◆ Records for this exercise:
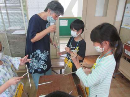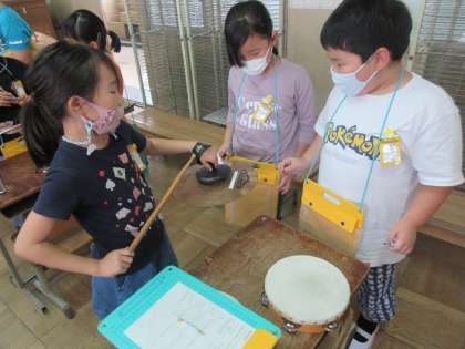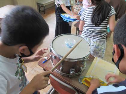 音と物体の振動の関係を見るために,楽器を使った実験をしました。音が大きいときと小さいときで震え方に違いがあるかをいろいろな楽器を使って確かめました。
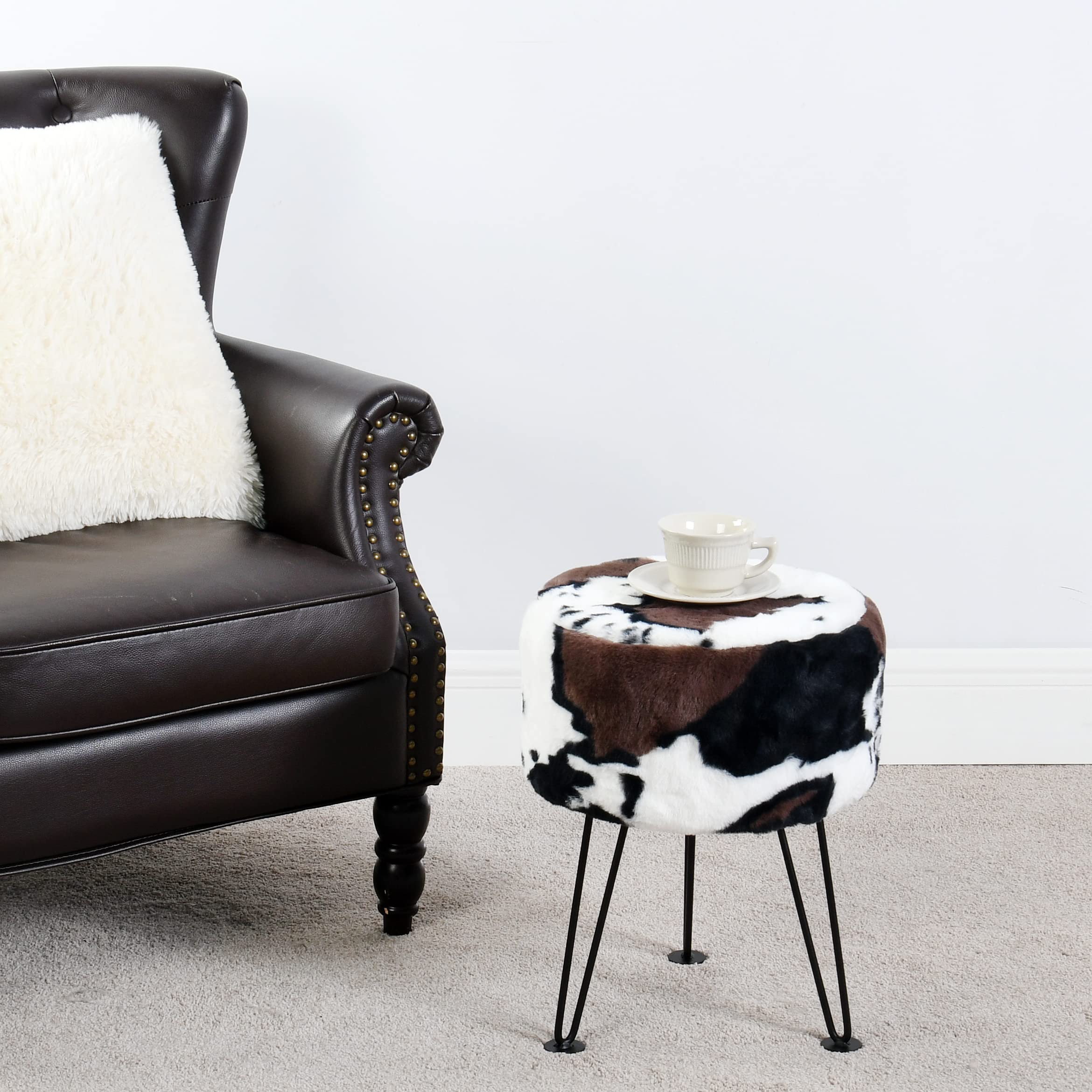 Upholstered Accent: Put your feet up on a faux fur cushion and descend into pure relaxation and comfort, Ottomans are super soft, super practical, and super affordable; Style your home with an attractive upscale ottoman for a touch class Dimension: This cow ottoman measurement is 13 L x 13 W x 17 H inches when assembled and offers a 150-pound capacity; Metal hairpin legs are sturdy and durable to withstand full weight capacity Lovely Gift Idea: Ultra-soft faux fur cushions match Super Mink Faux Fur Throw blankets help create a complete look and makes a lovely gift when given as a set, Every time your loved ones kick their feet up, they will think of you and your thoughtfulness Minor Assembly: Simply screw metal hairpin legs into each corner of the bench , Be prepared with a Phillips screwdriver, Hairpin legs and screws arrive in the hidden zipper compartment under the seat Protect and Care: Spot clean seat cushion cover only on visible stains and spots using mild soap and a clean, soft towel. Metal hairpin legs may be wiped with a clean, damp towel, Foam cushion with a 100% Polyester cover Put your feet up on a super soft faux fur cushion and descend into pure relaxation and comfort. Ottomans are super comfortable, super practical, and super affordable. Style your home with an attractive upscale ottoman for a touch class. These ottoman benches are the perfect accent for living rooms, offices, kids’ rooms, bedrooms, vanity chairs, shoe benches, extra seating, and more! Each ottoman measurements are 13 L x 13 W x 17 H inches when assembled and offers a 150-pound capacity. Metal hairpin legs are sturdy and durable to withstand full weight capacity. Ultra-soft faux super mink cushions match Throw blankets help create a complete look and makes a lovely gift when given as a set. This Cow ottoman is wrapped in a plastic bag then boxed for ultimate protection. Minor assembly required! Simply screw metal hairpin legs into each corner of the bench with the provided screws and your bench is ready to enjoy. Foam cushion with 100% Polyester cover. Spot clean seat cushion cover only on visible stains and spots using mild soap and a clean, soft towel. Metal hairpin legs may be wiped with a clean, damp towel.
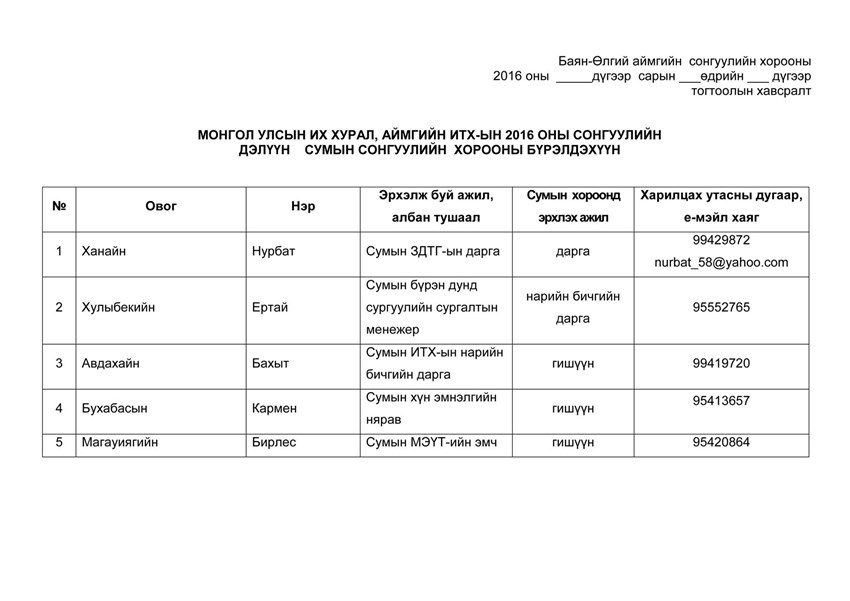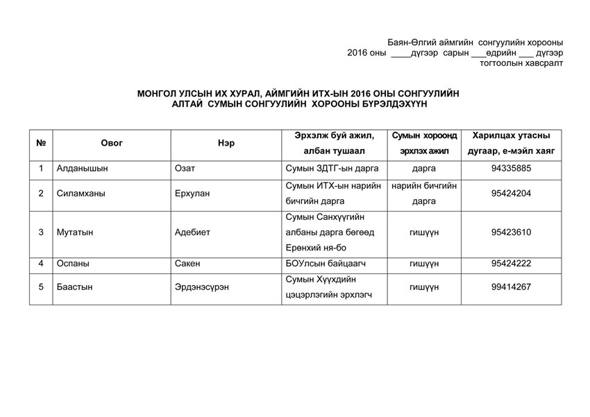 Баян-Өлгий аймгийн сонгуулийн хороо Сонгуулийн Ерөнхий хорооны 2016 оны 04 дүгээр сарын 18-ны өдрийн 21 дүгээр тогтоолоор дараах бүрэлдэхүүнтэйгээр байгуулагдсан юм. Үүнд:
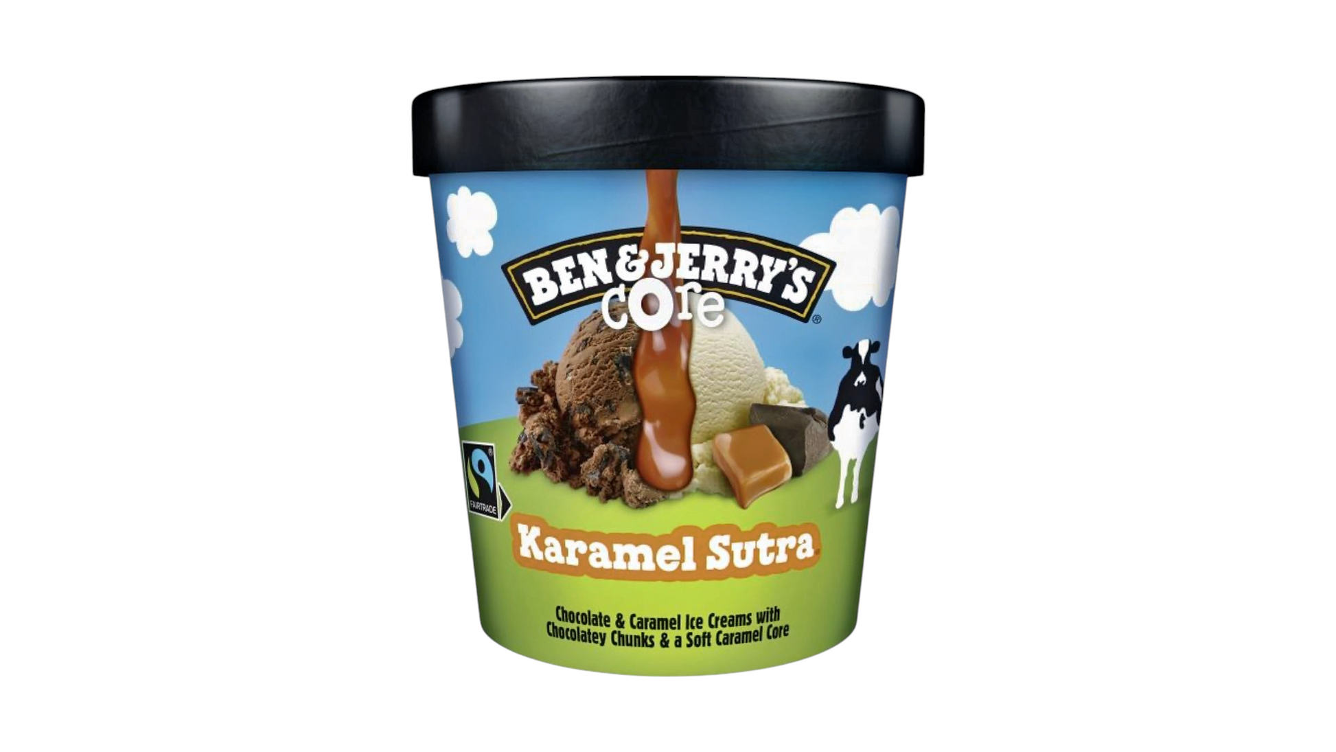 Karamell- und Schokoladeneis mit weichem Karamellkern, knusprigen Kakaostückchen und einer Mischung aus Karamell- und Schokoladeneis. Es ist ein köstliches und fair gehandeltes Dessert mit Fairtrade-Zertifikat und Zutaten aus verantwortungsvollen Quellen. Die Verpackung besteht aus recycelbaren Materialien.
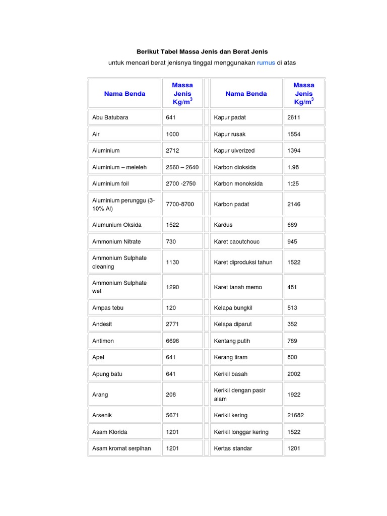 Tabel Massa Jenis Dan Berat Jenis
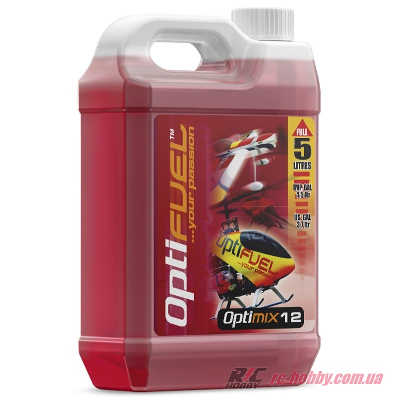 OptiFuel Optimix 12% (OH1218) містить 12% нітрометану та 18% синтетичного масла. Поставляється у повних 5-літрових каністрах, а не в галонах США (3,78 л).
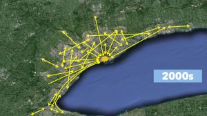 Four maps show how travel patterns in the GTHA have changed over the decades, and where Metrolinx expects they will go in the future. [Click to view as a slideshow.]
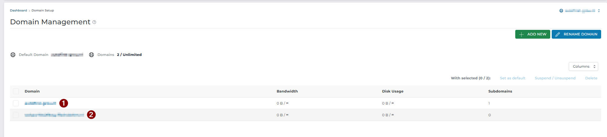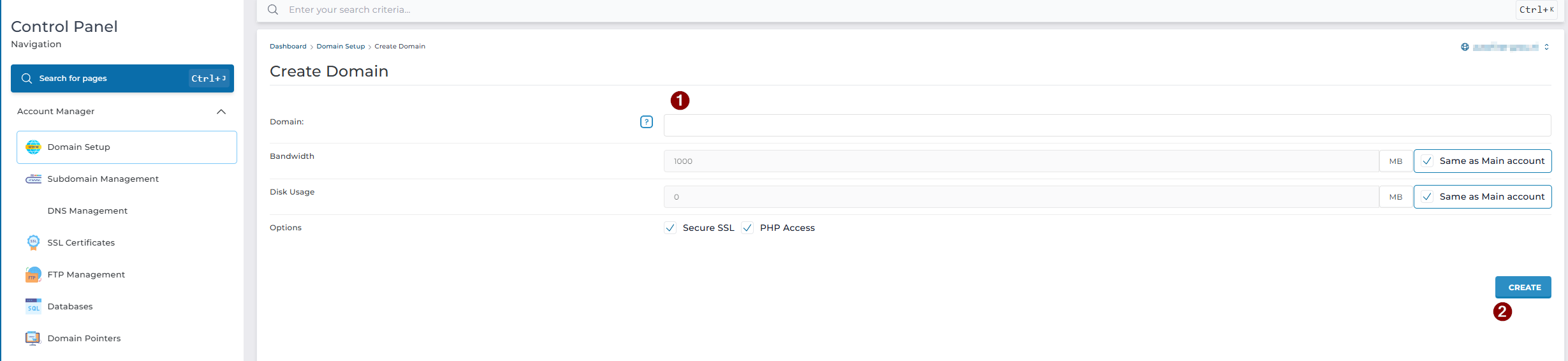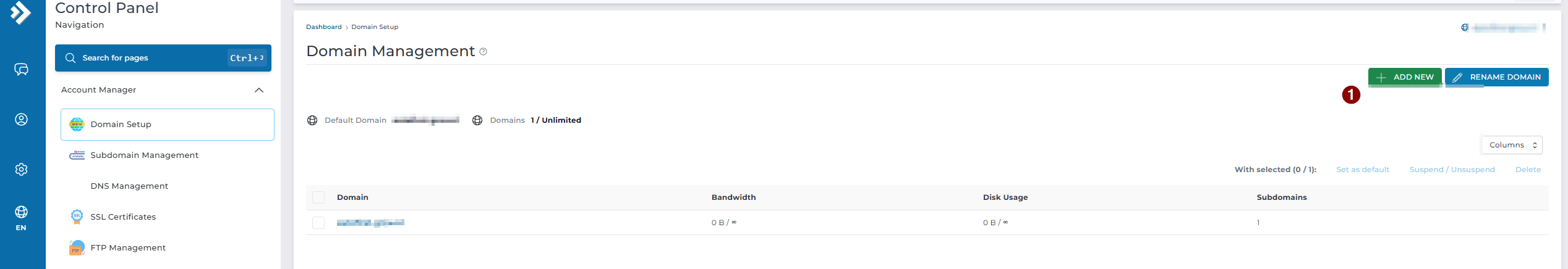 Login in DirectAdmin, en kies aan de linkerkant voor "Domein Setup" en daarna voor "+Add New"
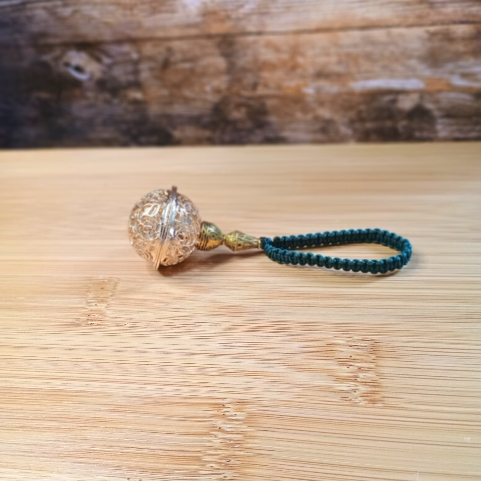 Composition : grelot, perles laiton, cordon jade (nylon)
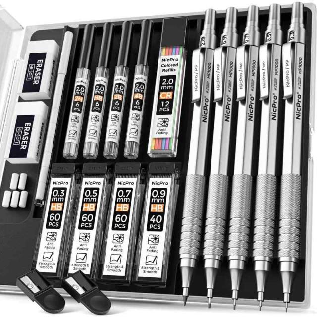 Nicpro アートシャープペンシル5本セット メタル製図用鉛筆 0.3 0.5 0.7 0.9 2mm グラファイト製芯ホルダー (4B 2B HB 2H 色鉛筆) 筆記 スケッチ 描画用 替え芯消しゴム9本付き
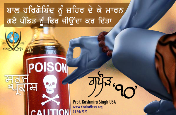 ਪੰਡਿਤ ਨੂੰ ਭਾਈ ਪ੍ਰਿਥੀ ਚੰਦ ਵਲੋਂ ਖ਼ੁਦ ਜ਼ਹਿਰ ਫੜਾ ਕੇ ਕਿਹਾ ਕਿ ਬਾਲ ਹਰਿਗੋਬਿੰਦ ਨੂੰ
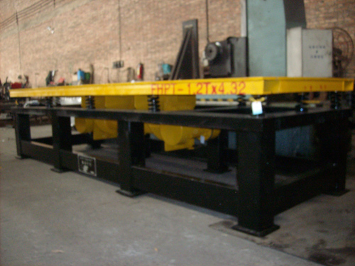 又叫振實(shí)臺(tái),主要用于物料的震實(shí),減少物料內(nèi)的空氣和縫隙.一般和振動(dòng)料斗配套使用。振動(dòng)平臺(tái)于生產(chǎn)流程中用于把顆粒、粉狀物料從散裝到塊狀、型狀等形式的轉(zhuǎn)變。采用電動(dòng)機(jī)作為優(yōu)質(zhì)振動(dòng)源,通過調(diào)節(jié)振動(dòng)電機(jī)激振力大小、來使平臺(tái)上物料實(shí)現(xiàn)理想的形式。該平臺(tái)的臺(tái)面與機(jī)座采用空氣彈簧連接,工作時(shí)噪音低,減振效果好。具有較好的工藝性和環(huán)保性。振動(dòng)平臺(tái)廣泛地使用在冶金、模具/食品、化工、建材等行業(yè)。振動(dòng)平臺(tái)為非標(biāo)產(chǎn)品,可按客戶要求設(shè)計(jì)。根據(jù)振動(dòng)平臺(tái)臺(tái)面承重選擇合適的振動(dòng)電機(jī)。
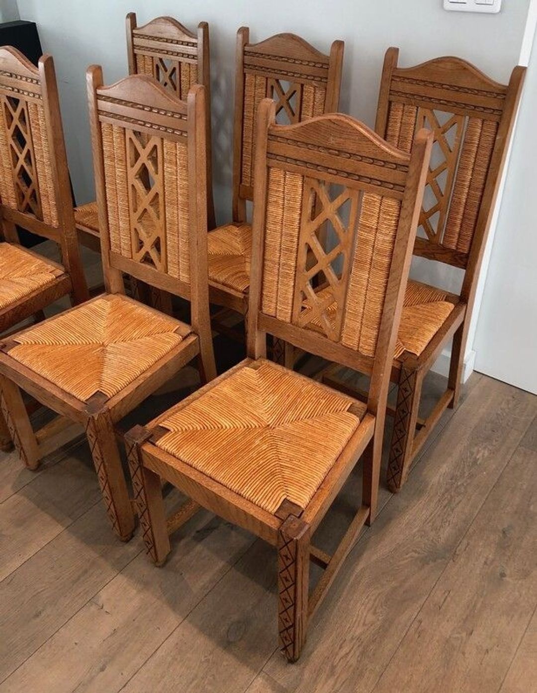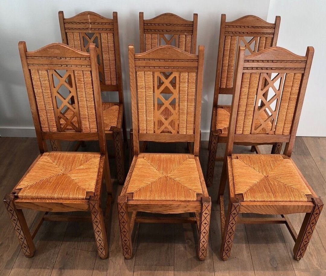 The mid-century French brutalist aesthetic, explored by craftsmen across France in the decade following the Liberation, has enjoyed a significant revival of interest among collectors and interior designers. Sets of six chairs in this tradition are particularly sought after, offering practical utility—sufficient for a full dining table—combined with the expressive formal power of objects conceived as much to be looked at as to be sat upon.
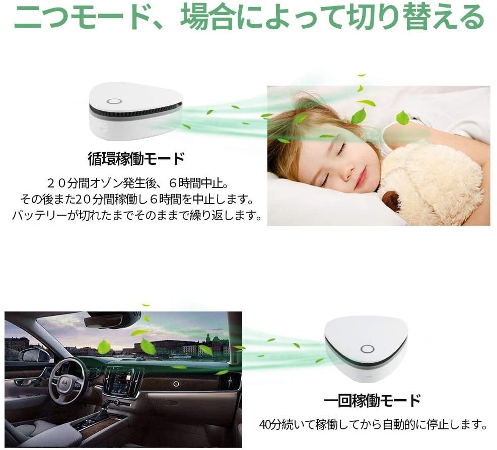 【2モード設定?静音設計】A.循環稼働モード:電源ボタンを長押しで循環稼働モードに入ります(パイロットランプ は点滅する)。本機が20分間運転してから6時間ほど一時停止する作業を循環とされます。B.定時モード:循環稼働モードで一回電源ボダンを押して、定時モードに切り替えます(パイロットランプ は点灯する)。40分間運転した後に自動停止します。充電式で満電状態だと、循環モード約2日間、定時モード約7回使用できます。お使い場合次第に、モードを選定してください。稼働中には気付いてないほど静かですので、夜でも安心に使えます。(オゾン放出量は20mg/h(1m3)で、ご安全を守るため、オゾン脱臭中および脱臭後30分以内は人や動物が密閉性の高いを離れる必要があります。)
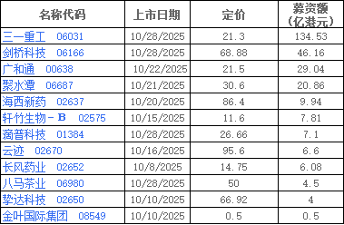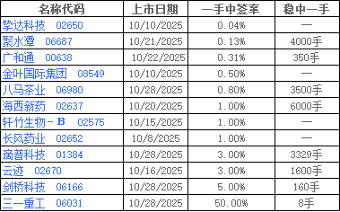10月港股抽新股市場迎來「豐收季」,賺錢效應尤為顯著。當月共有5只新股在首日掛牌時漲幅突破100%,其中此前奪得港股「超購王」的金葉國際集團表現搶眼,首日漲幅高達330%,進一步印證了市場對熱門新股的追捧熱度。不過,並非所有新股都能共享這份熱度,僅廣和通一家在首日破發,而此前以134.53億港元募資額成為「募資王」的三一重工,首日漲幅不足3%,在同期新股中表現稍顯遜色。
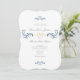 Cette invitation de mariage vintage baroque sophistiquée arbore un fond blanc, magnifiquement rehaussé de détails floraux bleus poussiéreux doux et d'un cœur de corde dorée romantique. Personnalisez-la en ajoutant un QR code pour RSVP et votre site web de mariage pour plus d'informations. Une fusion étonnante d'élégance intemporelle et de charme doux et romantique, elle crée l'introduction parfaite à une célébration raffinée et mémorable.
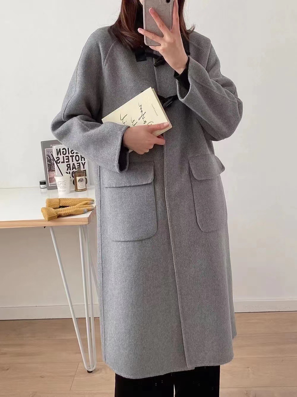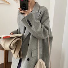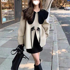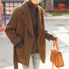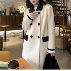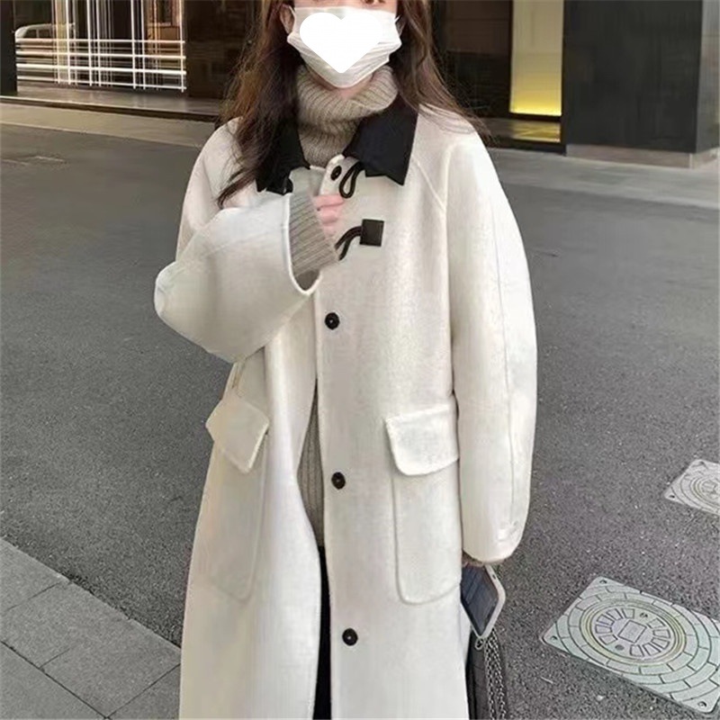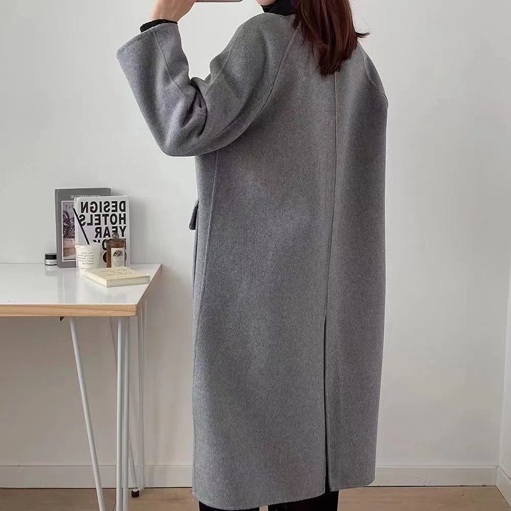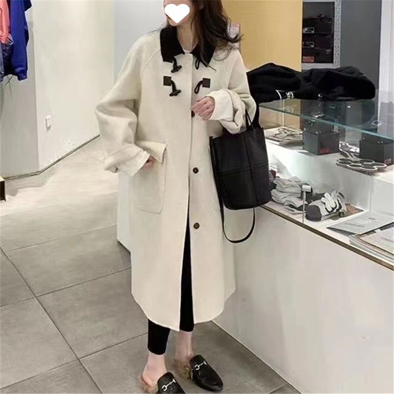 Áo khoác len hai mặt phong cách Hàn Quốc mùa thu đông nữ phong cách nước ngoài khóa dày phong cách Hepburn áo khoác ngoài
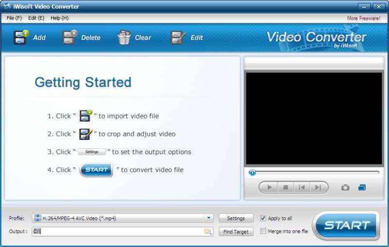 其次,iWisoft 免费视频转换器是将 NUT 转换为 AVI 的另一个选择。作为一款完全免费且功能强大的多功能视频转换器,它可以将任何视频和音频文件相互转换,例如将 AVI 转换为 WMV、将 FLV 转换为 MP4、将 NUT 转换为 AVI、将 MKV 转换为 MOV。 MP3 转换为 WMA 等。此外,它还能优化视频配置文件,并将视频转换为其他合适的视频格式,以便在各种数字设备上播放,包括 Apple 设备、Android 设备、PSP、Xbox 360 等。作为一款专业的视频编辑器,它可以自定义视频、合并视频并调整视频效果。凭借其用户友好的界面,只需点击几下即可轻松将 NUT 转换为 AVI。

◆ Task item:
Transcribe, word for word, the stretch of lines in the data above from the one with "Баян-Өлгий аймгийн сонгуулийн" through the one with "又叫振實(shí)臺(tái"; omit all pictures.

◆ Written solution:
 Баян-Өлгий аймгийн сонгуулийн хороо Сонгуулийн Ерөнхий хорооны 2016 оны 04 дүгээр сарын 18-ны өдрийн 21 дүгээр тогтоолоор дараах бүрэлдэхүүнтэйгээр байгуулагдсан юм. Үүнд:
 Karamell- und Schokoladeneis mit weichem Karamellkern, knusprigen Kakaostückchen und einer Mischung aus Karamell- und Schokoladeneis. Es ist ein köstliches und fair gehandeltes Dessert mit Fairtrade-Zertifikat und Zutaten aus verantwortungsvollen Quellen. Die Verpackung besteht aus recycelbaren Materialien.
 Tabel Massa Jenis Dan Berat Jenis
 OptiFuel Optimix 12% (OH1218) містить 12% нітрометану та 18% синтетичного масла. Поставляється у повних 5-літрових каністрах, а не в галонах США (3,78 л).
 Four maps show how travel patterns in the GTHA have changed over the decades, and where Metrolinx expects they will go in the future. [Click to view as a slideshow.]
 Login in DirectAdmin, en kies aan de linkerkant voor "Domein Setup" en daarna voor "+Add New"
 Composition : grelot, perles laiton, cordon jade (nylon)
 Nicpro アートシャープペンシル5本セット メタル製図用鉛筆 0.3 0.5 0.7 0.9 2mm グラファイト製芯ホルダー (4B 2B HB 2H 色鉛筆) 筆記 スケッチ 描画用 替え芯消しゴム9本付き
 ਪੰਡਿਤ ਨੂੰ ਭਾਈ ਪ੍ਰਿਥੀ ਚੰਦ ਵਲੋਂ ਖ਼ੁਦ ਜ਼ਹਿਰ ਫੜਾ ਕੇ ਕਿਹਾ ਕਿ ਬਾਲ ਹਰਿਗੋਬਿੰਦ ਨੂੰ
 又叫振實(shí)臺(tái),主要用于物料的震實(shí),減少物料內(nèi)的空氣和縫隙.一般和振動(dòng)料斗配套使用。振動(dòng)平臺(tái)于生產(chǎn)流程中用于把顆粒、粉狀物料從散裝到塊狀、型狀等形式的轉(zhuǎn)變。采用電動(dòng)機(jī)作為優(yōu)質(zhì)振動(dòng)源,通過調(diào)節(jié)振動(dòng)電機(jī)激振力大小、來使平臺(tái)上物料實(shí)現(xiàn)理想的形式。該平臺(tái)的臺(tái)面與機(jī)座采用空氣彈簧連接,工作時(shí)噪音低,減振效果好。具有較好的工藝性和環(huán)保性。振動(dòng)平臺(tái)廣泛地使用在冶金、模具/食品、化工、建材等行業(yè)。振動(dòng)平臺(tái)為非標(biāo)產(chǎn)品,可按客戶要求設(shè)計(jì)。根據(jù)振動(dòng)平臺(tái)臺(tái)面承重選擇合適的振動(dòng)電機(jī)。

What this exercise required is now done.